What the exercise asks: Restate every line of the material below word for word, skipping the images.

Given data:
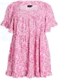 100 % viskoosista valmistettu naisellinen tunika, jossa on koristeellinen paisley-kuvio. Tunikassa on lyhyet ja väljät röyhelöreunaiset hihat, neliskulmainen pääntie jossa on röyhelöitä, ja halkio vyötäröllä. Hame on hieman levenevä ja viimeistelty röyhelöisellä helmalla, joka takaa mukavan A-muotoisen istuvuuden ja naisellisen tyylin.
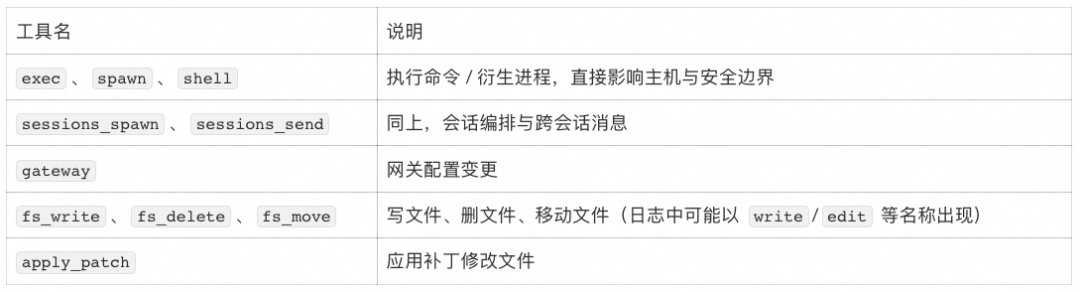 在 Session 日志中监控上述工具(及其在日志中的等价名称)的调用,可发现异常或越权行为;若某工具在 Gateway HTTP 场景下仍被调用成功,则可能存在配置绕过,需排查。
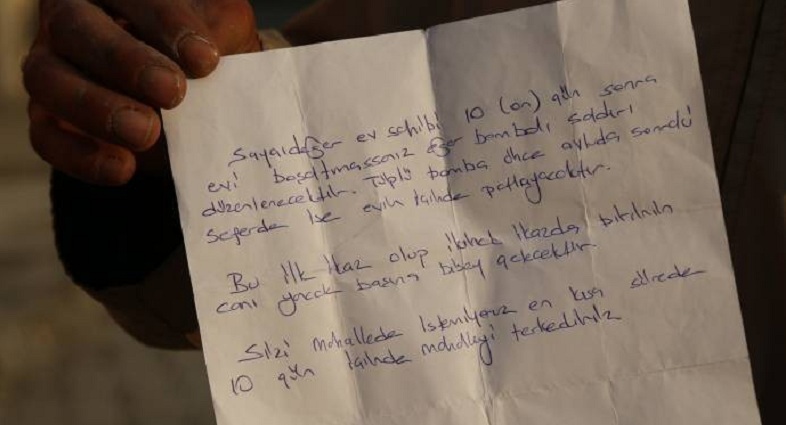 “Saygıdeğer ev sahibi 10 (on) gün sonra evi boşaltmazsanız eğer bombalı saldırı düzenlenecektir. Tüplü bomba önce avluda sonraki seferde ise evin içinde patlayacaktır. Bu ilk ikaz olup ikinci ikazda birinin canı yanacak başına bir şey gelecektir. Sizi bu mahallede istemiyoruz. En kısa sürede yani 10 gün içinde mahalleyi terk ediniz.”
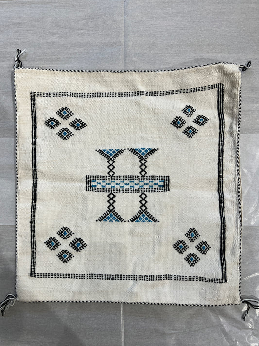 Coussin Berbère - Ecru/noir turquoise - 45 x 45 cm environ
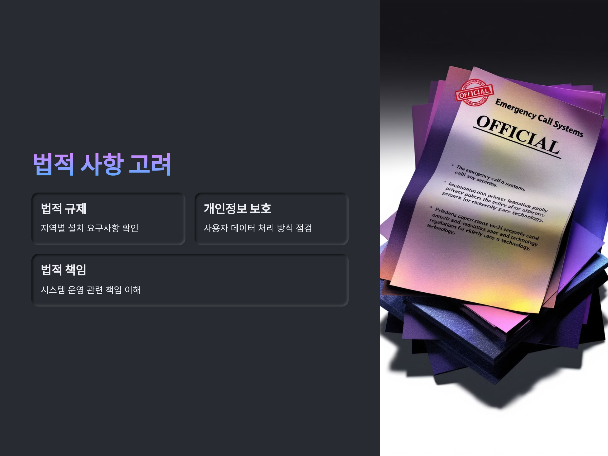 응급 호출 시스템을 설치하고 운영하는 데 있어서 법적인 책임을 다하는 것이 중요합니다. 특히 개인정보 보호와 관련된 법적 요구 사항을 충족하는지 반드시 확인해야 하며, 시스템 사용자의 개인 정보가 유출되지 않도록 철저히 관리해야 합니다.

Response to the task:
 100 % viskoosista valmistettu naisellinen tunika, jossa on koristeellinen paisley-kuvio. Tunikassa on lyhyet ja väljät röyhelöreunaiset hihat, neliskulmainen pääntie jossa on röyhelöitä, ja halkio vyötäröllä. Hame on hieman levenevä ja viimeistelty röyhelöisellä helmalla, joka takaa mukavan A-muotoisen istuvuuden ja naisellisen tyylin.
 在 Session 日志中监控上述工具(及其在日志中的等价名称)的调用,可发现异常或越权行为;若某工具在 Gateway HTTP 场景下仍被调用成功,则可能存在配置绕过,需排查。
 “Saygıdeğer ev sahibi 10 (on) gün sonra evi boşaltmazsanız eğer bombalı saldırı düzenlenecektir. Tüplü bomba önce avluda sonraki seferde ise evin içinde patlayacaktır. Bu ilk ikaz olup ikinci ikazda birinin canı yanacak başına bir şey gelecektir. Sizi bu mahallede istemiyoruz. En kısa sürede yani 10 gün içinde mahalleyi terk ediniz.”
 Coussin Berbère - Ecru/noir turquoise - 45 x 45 cm environ
 응급 호출 시스템을 설치하고 운영하는 데 있어서 법적인 책임을 다하는 것이 중요합니다. 특히 개인정보 보호와 관련된 법적 요구 사항을 충족하는지 반드시 확인해야 하며, 시스템 사용자의 개인 정보가 유출되지 않도록 철저히 관리해야 합니다.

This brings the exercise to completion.